The good news is that the sustainability pitch is paired with local production. Ethical manufacturing in Northern Italy gives the brand a tighter supply chain and a craft narrative that feels more believable than a far-flung, fast-fashion version of resortwear. For shoppers, that combination matters: regenerated nylon can reduce the guilt, but local production and artisan construction are what help a bikini survive more than one summer.

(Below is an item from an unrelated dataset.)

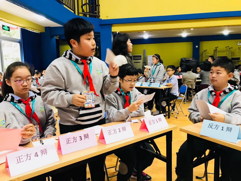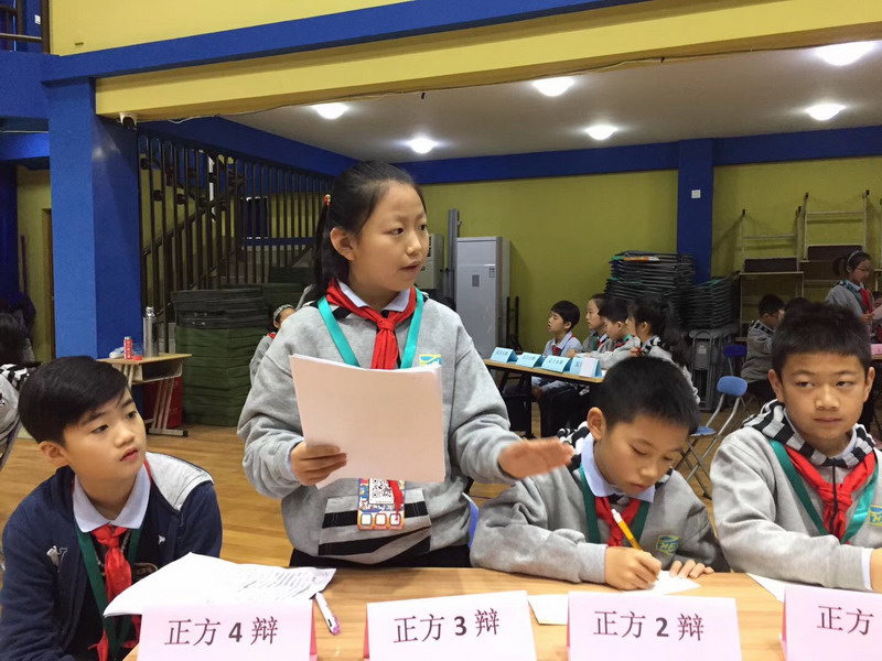五年級的辯論賽盡管是第一次嘗試,但精彩紛呈的場面真是令人不容小覷,嘖嘖贊嘆。關于"一個三歲的孩子即將從高樓的窗臺上落下,作為一個十歲的你,是應該伸手去接?還是不接?"賽前,學生已拿到辯題,多日的準備工作中,他們在老師的指導下了解辯論方式;他們從正反兩方查找資料,準備論據;他們練習辯論技巧……孩子說,感覺自己這回真的是"腦袋里兩個小人在打架"。正式賽場上,學生隨機組合,抽簽決定正反方和辯論角色。辯場上,有的滔滔不絕,有的慢條斯理,有的大氣沉穩,有的睿智幽默。"伸手,是一種生理反應,是為人的本能。""兩害相權取其輕。""為拯救生命,我們可以作出任何的犧牲。""救人要有方,否則就是害人。"……各種論點,各種佐證,精彩萬分。每個孩子都有其豐富的內心世界和辨證的邏輯思維。今天,他們讓我們看見。

Why the fit looks so current
Lido’s strongest selling point is that its clothes understand the body without over-explaining it. Retail descriptions highlight minimal, form-fitting shapes with scooped necklines, crossover straps and plunging backs, details that make the line feel sleek rather than stark. The pieces are made in fast-drying technical fabrics, which is exactly what you want from swimwear that has to move from sea to chair to lunch without losing shape or looking soggy.
The standout styles named by WWD, the Venti triangle bikini, the Tre one-piece and the Trentasei one-piece, show how the brand balances simplicity with enough design tension to stay memorable. A triangle bikini can disappear into the category of basics if it is not cut well. Lido’s version, along with its one-pieces, seems to rely on proportion and line rather than ornament, which is often what makes minimalist swimwear feel expensive instead of empty.
Minimal branding is doing real work here
Lido’s visual identity started in monochrome, and that original restraint still helps the brand stand apart. Swimwear is one of the most overdesigned corners of fashion, full of neon, hardware, jangling straps, and branding that tries too hard to announce itself. Lido’s low-volume approach lets the silhouette do the talking, and that is exactly why it feels modern rather than severe.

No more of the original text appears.